> _Task_: Leaving the pictures aside, repeat every line below exactly.

> _Supplied material_:
────────────────
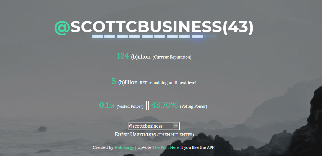 I always use http://steem.cool/ to check my reptuation and power! It's a clean UI that gives me a good idea of how my progress with reputation goes. It sort of visualizes reputation as if it were EXP in a video game. To check you just type the url then your username so mine is http://steem.cool/@scottcbusiness
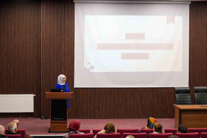 Sağlık Bilimleri Fakültesi Konferans Salonu’nda gerçekleştirilen etkinliğe akademisyenler, öğrenciler ve çok sayıda davetli yoğun ilgi gösterdi. Müftü Yardımcısı Özlem Gülbe, gerçekleştirdiği sunumda kadının toplumsal hayattaki aktif rolüne, bireysel ve sosyal sorumluluklarına vurgu yaptı. İslam dininin kadına verdiği değeri ve tarihi süreçteki öncü kadın figürlerini hatırlatan Gülbe, modern dünyada kadının yönetici kimliğiyle sunduğu katkıları dini ve sosyolojik bir perspektifle ele aldı.
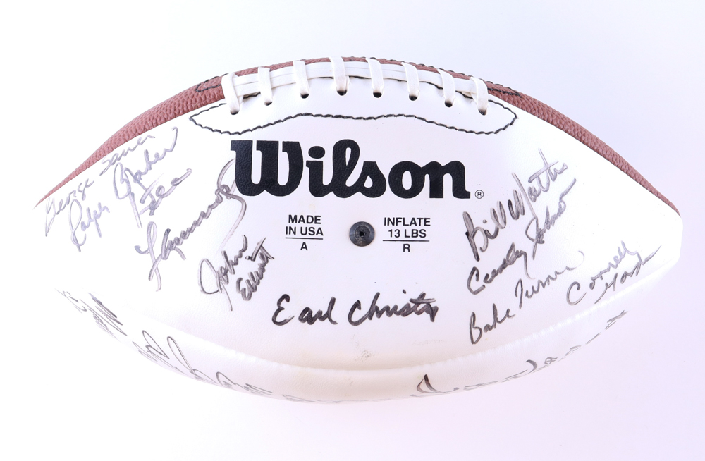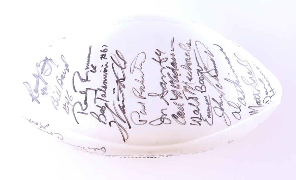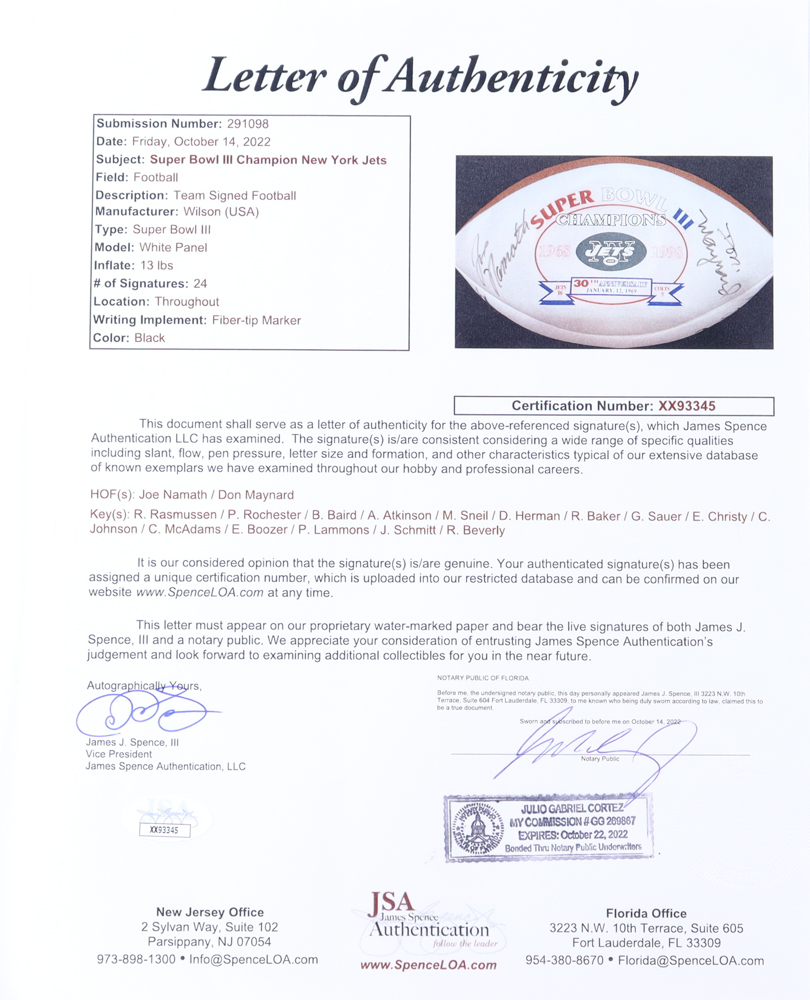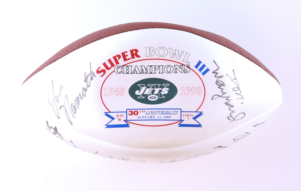 Wilson Official Super Bowl III Jets Logo football has been hand-signed by (24) members of the 1969 New York Jets Super Bowl Championship team including Joe Namath, Don Maynard, Randy Rasmussen, Paul Rochester, Bill Baird, Al Atkinson, Matt Snell, Dave Herman, Ralph Baker, George Sauer Jr., Earl Christy, Cornell Johnson, Carl McAdams, Emerson Boozer, Pete Lammons, John Schmitt, Richard Beverly and (6) others. Please note, the football does not hold air. See photos for more details.
────────────────
> _Solution_:
 I always use http://steem.cool/ to check my reptuation and power! It's a clean UI that gives me a good idea of how my progress with reputation goes. It sort of visualizes reputation as if it were EXP in a video game. To check you just type the url then your username so mine is http://steem.cool/@scottcbusiness
 Sağlık Bilimleri Fakültesi Konferans Salonu’nda gerçekleştirilen etkinliğe akademisyenler, öğrenciler ve çok sayıda davetli yoğun ilgi gösterdi. Müftü Yardımcısı Özlem Gülbe, gerçekleştirdiği sunumda kadının toplumsal hayattaki aktif rolüne, bireysel ve sosyal sorumluluklarına vurgu yaptı. İslam dininin kadına verdiği değeri ve tarihi süreçteki öncü kadın figürlerini hatırlatan Gülbe, modern dünyada kadının yönetici kimliğiyle sunduğu katkıları dini ve sosyolojik bir perspektifle ele aldı.
 Wilson Official Super Bowl III Jets Logo football has been hand-signed by (24) members of the 1969 New York Jets Super Bowl Championship team including Joe Namath, Don Maynard, Randy Rasmussen, Paul Rochester, Bill Baird, Al Atkinson, Matt Snell, Dave Herman, Ralph Baker, George Sauer Jr., Earl Christy, Cornell Johnson, Carl McAdams, Emerson Boozer, Pete Lammons, John Schmitt, Richard Beverly and (6) others. Please note, the football does not hold air. See photos for more details.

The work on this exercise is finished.